### ACTIVITY
Go to the line with "경기를 마치고 한화 안승민이" in the records below, then output it and each following line exactly, up to and including the line with "Proche de Gordes, somptueuse". Skip pictures and add nothing.

* * * * * * *

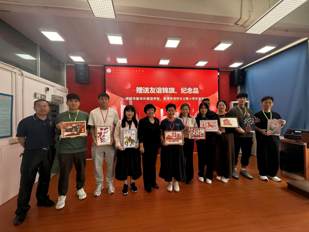 姊妹情深:深港文化交流 中午,我們抵達姊妹學校——深圳市羅湖區新華外國語學校!楊美嘉校長與新華外國語學校校長共同勉勵兩地學子互相啟發。當地同學展現了精彩絕倫的才藝表演 🎭,秀天學生亦積極參與互動,在歡笑聲中建立了珍貴的同胞情誼。❤️
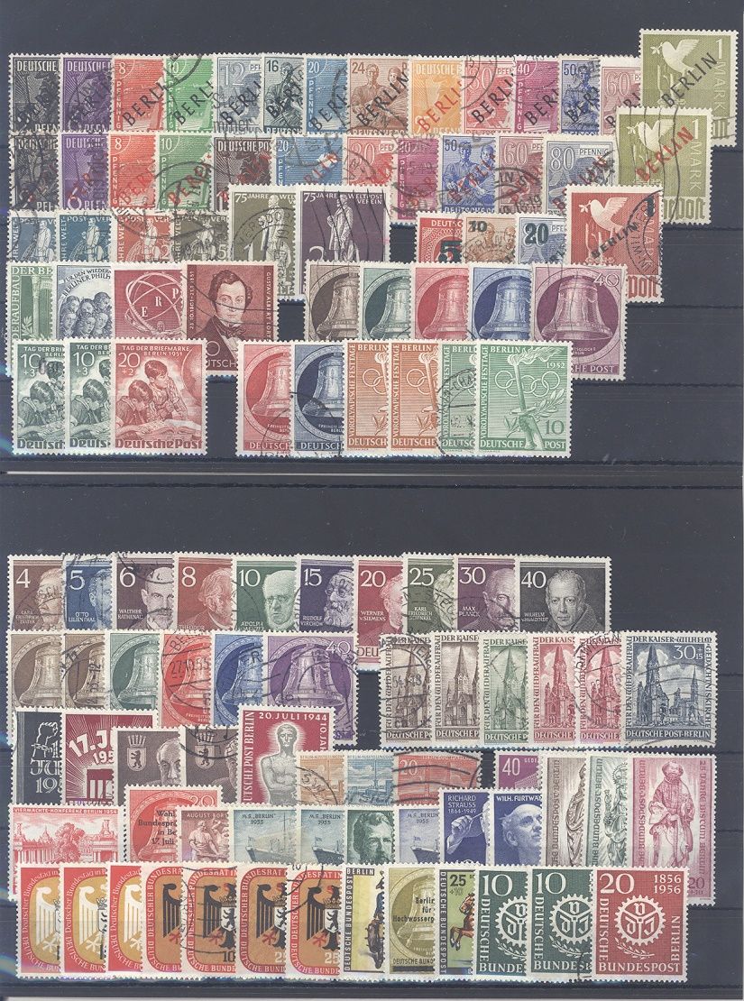 Berlin, umfangreicher gestempelter Posten aus den Jahren 1949/53 auf zwei Steckkarten, dabei auch einige Wellenstempel mit aber vielen besseren Werte und Sätze. Billigst!
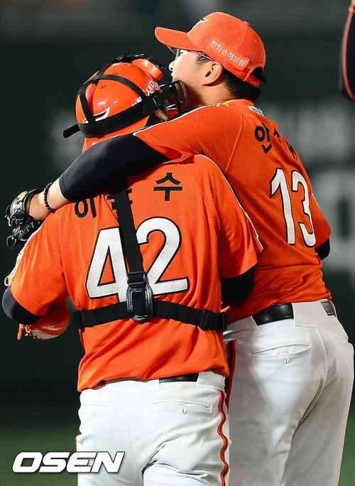 경기를 마치고 한화 안승민이 이준수와 포옹을 하고 있다. / rumi@osen.co.kr
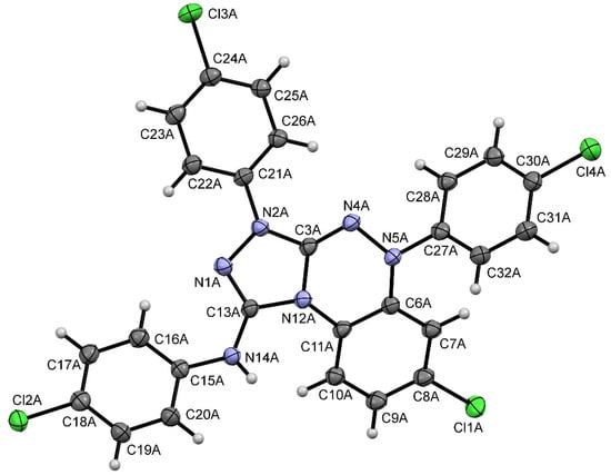 Oxidative cyclization of amidrazone 1l also resulted in the formation of two compounds 6l and 7 in moderate yields, although both of these derivatives were found to possess an unpaired electron (Scheme 5). Based on the EPR and HRMS data, the structure of 6l was assigned as the corresponding Blatter radical. The formation of Blatter radicals from amidrazones 1k,l is arguably attributed to the presence of electron-donating p-tolyl and p-chlorophenyl moieties at the N(1) atom of the benzo[1,2,4]triazine scaffold, while in the case of substrates 1i,j, the electron-withdrawing effect of the p-nitrophenyl substituent suppresses the oxidation to Blatter radicals. The structure of compound 7 was unambiguously confirmed by X-ray diffraction study and was characterized as dihydrobenzo[e][1,2,4]triazolo [3,4-c][1,2,4]triazine derivative (Figure 1). According to the EPR spectrum, compound 7 also represents an organic radical, although the corresponding signal is broadened due to the delocalization of the unpaired electron in the tricyclic system.
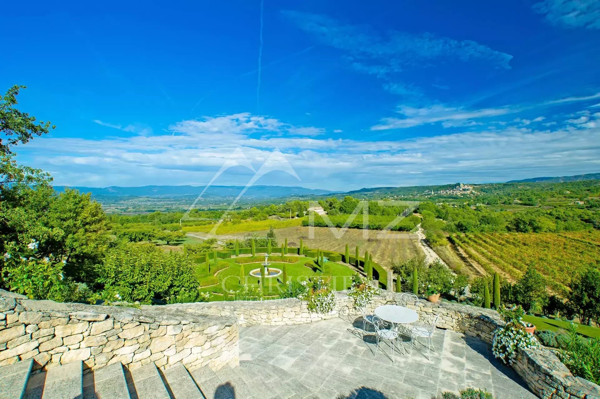 Proche de Gordes, somptueuse propriété en position dominante jouissant d'un environnement exceptionnel avec vue panoramique sur les collines. Au bout d'un long chemin, vous découvrirez un domaine paisible et totalement...
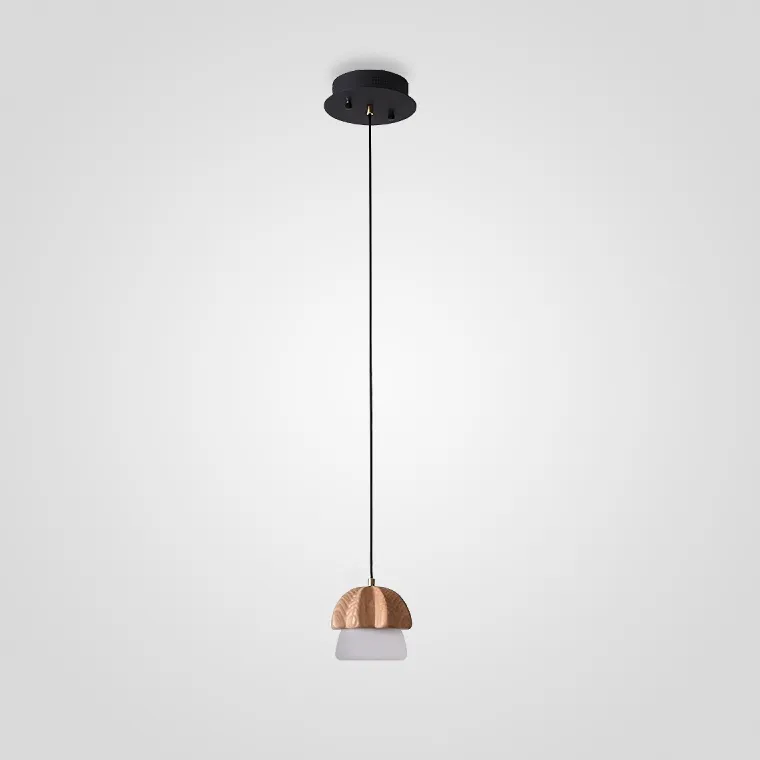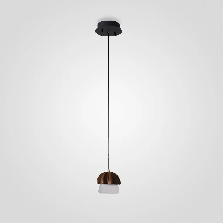 Серия дизайнерский подвесных светильников с круглым плафоном и деревянным абажуром в флористических мотивах
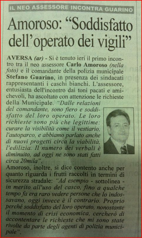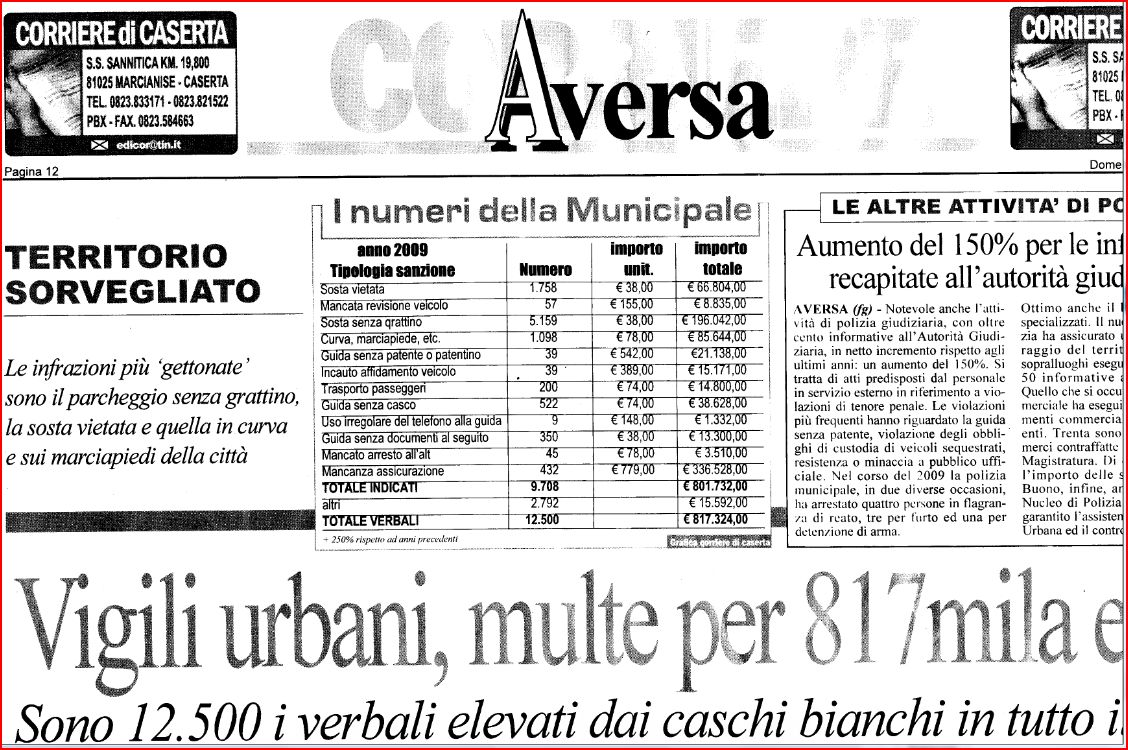 Aversa: verbali 2011 a quota 20.000 contro i 12.500 del 2009 ma Amoroso dichiara “i verbali sono diminuiti”.
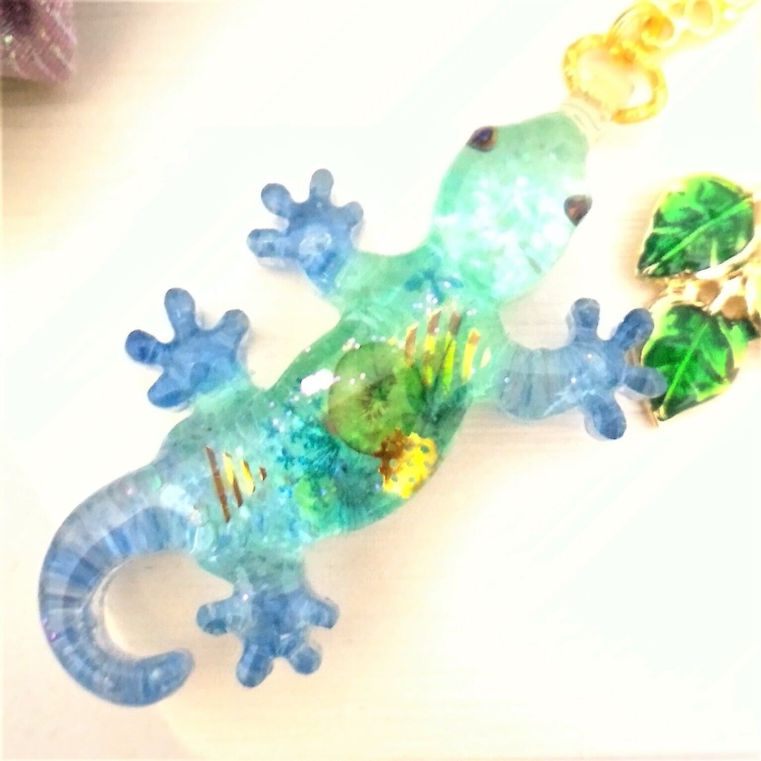 やもりに合わせて明るい色の葉っぱチャームをおつけしました。
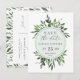 tarjeta de aviso de boda con flores acuarelas frondosas. Con hermosas hojas de acuarela y tipografía moderna y audaz, esta invitación de aviso de boda está en la tendencia actual y es perfecta para cualquier temporada. Parte de un conjunto de boda
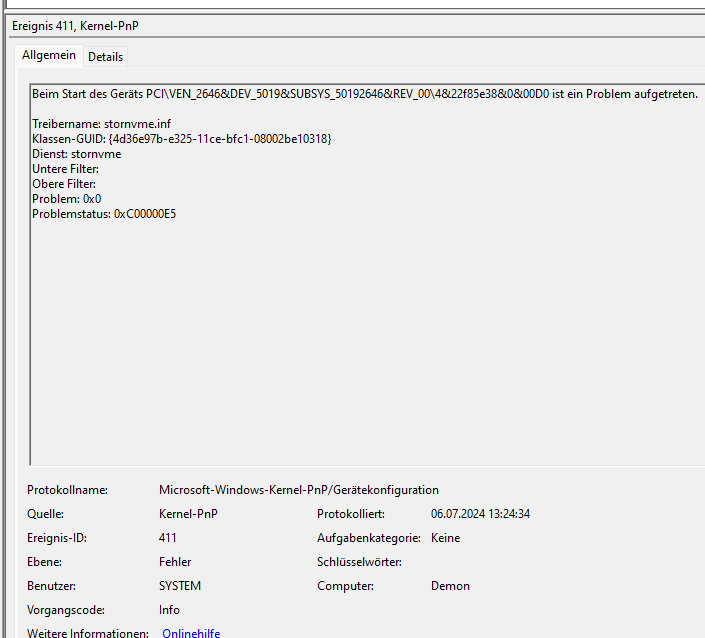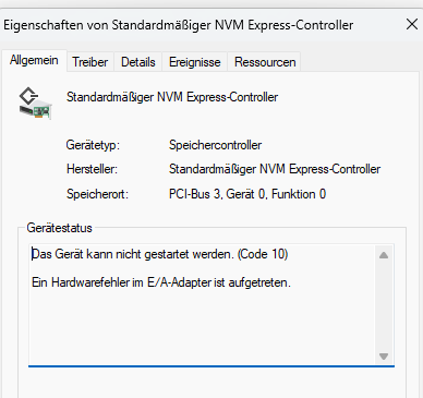 Ich habe im Geräte Manager einen Eintrag mit einem Ausrufezeichen gefunden, beim "Standardmäßiger NVM Express Controller". Screenshots sind angehängt. Leider habe ich nichts aufschlussreiches über die Fehler gefunden.

* * * * * * *

### SOLUTION TO THIS PROBLEM
 경기를 마치고 한화 안승민이 이준수와 포옹을 하고 있다. / rumi@osen.co.kr
 Oxidative cyclization of amidrazone 1l also resulted in the formation of two compounds 6l and 7 in moderate yields, although both of these derivatives were found to possess an unpaired electron (Scheme 5). Based on the EPR and HRMS data, the structure of 6l was assigned as the corresponding Blatter radical. The formation of Blatter radicals from amidrazones 1k,l is arguably attributed to the presence of electron-donating p-tolyl and p-chlorophenyl moieties at the N(1) atom of the benzo[1,2,4]triazine scaffold, while in the case of substrates 1i,j, the electron-withdrawing effect of the p-nitrophenyl substituent suppresses the oxidation to Blatter radicals. The structure of compound 7 was unambiguously confirmed by X-ray diffraction study and was characterized as dihydrobenzo[e][1,2,4]triazolo [3,4-c][1,2,4]triazine derivative (Figure 1). According to the EPR spectrum, compound 7 also represents an organic radical, although the corresponding signal is broadened due to the delocalization of the unpaired electron in the tricyclic system.
 Proche de Gordes, somptueuse propriété en position dominante jouissant d'un environnement exceptionnel avec vue panoramique sur les collines. Au bout d'un long chemin, vous découvrirez un domaine paisible et totalement...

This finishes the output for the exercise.